··· PROVIDED DATA
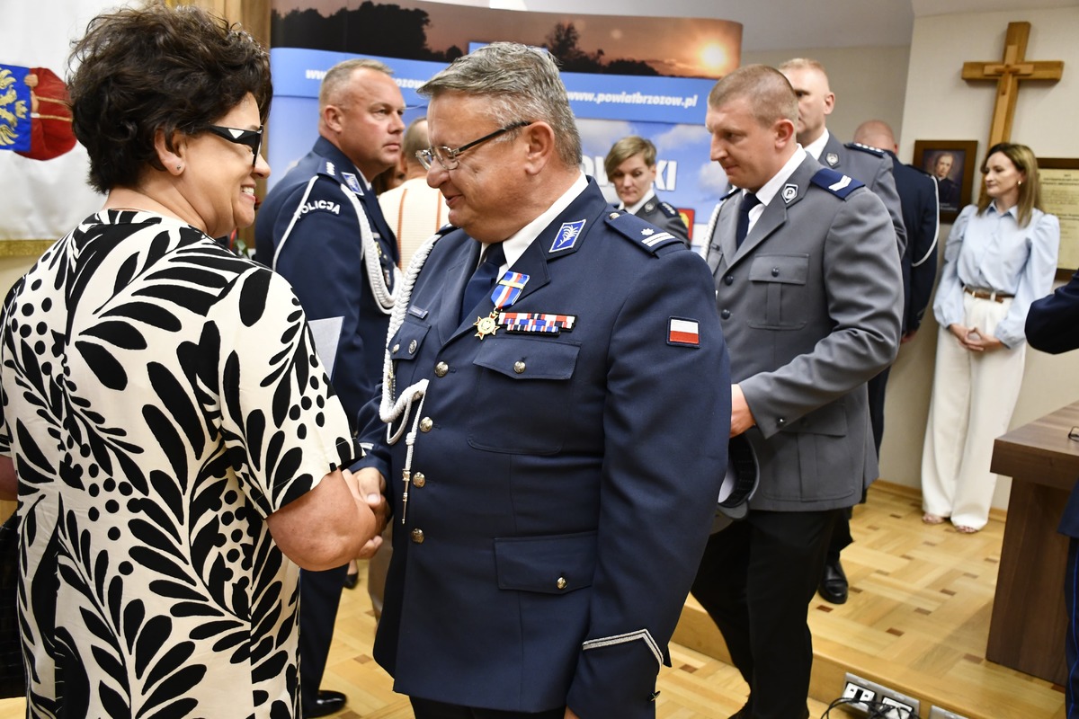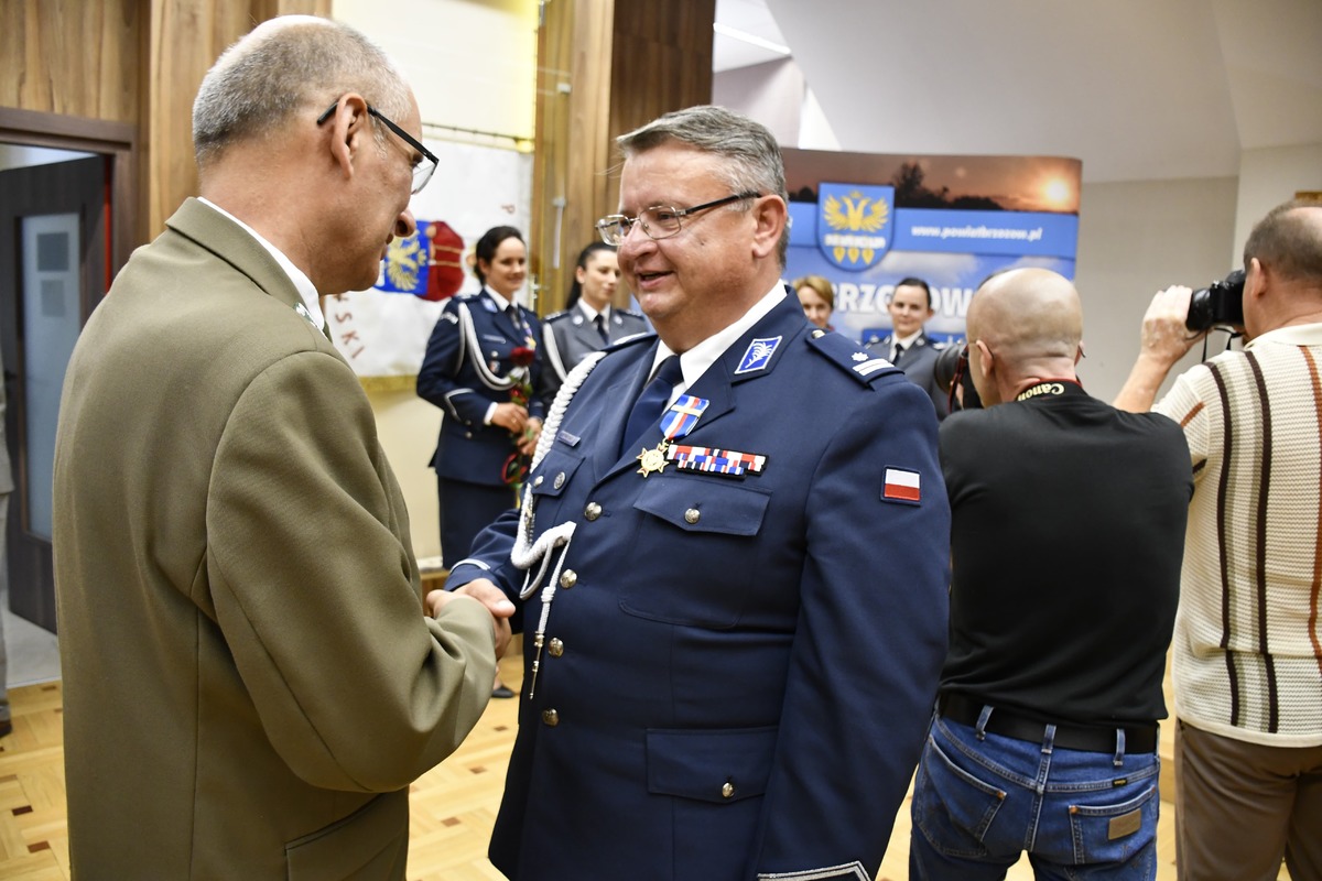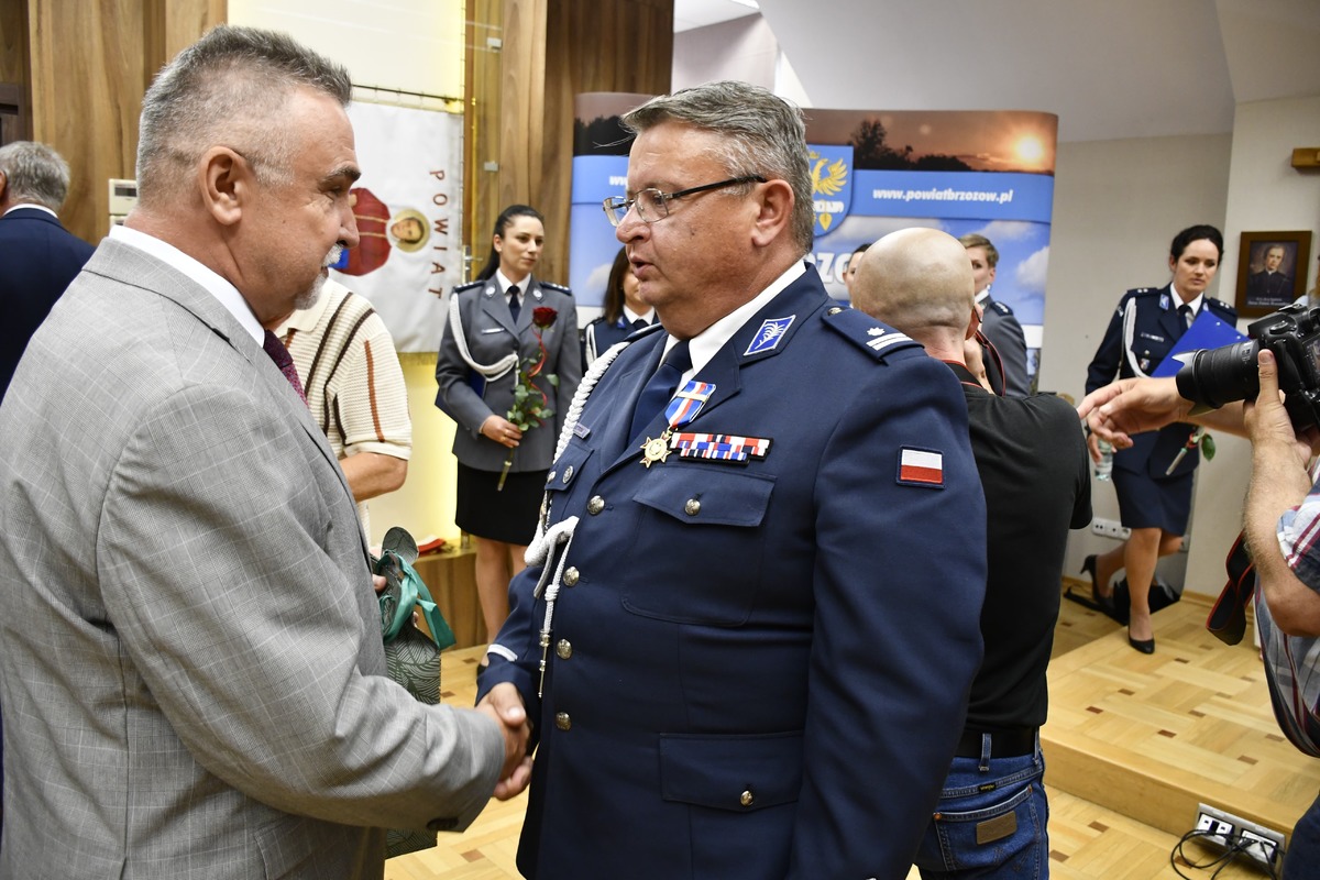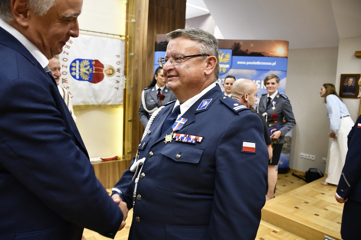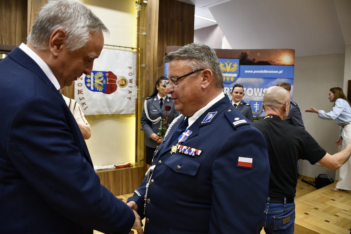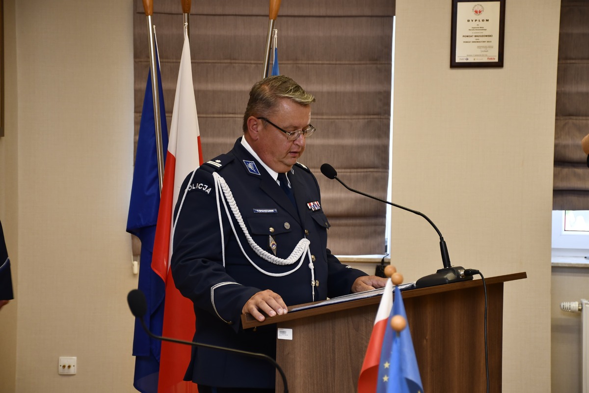 W imieniu władz samorządowych przemówił Starosta Brzozowski Jacek Adamski. Jego wystąpienie było pełne uznania i szacunku dla trudu policyjnej służby: „Obchodzone dziś Święto Policji to wyjątkowa okazja, by w sposób szczególny wyrazić szacunek, wdzięczność i głębokie uznanie dla wszystkich funkcjonariuszy oraz pracowników cywilnych tej formacji. Dla ludzi, którzy każdego dnia z ogromną odpowiedzialnością i odwagą dbają o bezpieczeństwo obywateli.(…). Wszyscy zdajemy sobie sprawę, jak trudna jest policyjna służba - wymagająca siły charakteru, bezinteresowności, ale również ogromnej empatii. To właśnie policjanci jako pierwsi docierają na miejsce wypadków czy ludzkich dramatów. Spotykają się z cierpieniem, strachem i zagubieniem. A w tych najbardziej krytycznych momentach nie tylko podejmują profesjonalne działania, ale też potrafią przekazać słowo wsparcia i zrozumienia, dając poszkodowanym poczucie, że nie są sami.(…) Tym bardziej jestem dumny, że mogę reprezentować powiat brzozowski, który od wielu lat pozostaje jednym z najbezpieczniejszych powiatów naszego województwa". Starosta pogratulował również wszystkim awansowanym i wyróżnionym funkcjonariuszom, dziękując im za sumienność i poświęcenie.
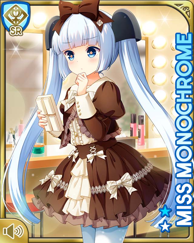 1girl black_footwear blue_eyes blunt_bangs bow brown_bow brown_dress card character_name day dress frilled_dress frills girlfriend_(kari) hand_by_own_face indoors leggings miss_monochrome miss_monochrome_(character) official_art open_mouth qp:flapper solo standing tagme thighhighs thinking twintails white_bow white_hair white_leggings
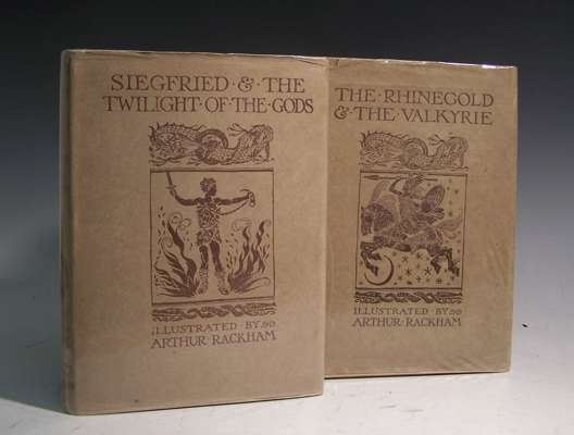 Siegfried & the twilight of the gods,. London, 1911; The rhinegold & the valkyrie. London, 1910, 4to, 30 and 34 coloured mounted plates by Rackham, original buckram gilt, dustwrappers, price excised from spine of first dustwrapper, three Heinemann advertisement slips dated 1911 loosely inserted, a few leaves lightly spotted (2)
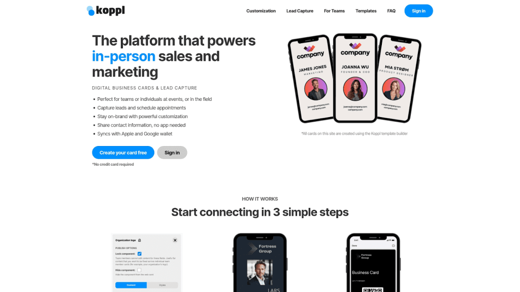 KopplcardUS$ 6/mêsCartões NFC, assinaturas de e-mail, sincronização de contatosEquipes corporativasiOS/Android/Web
······
→ **WHAT YOU WILL DO**:
Write the lines out word for word, starting at the one with "Siegfried & the" and stopping after the last line of the material above, with pictures excluded.

→ **SOLUTION BELOW**:
 Siegfried & the twilight of the gods,. London, 1911; The rhinegold & the valkyrie. London, 1910, 4to, 30 and 34 coloured mounted plates by Rackham, original buckram gilt, dustwrappers, price excised from spine of first dustwrapper, three Heinemann advertisement slips dated 1911 loosely inserted, a few leaves lightly spotted (2)
 KopplcardUS$ 6/mêsCartões NFC, assinaturas de e-mail, sincronização de contatosEquipes corporativasiOS/Android/Web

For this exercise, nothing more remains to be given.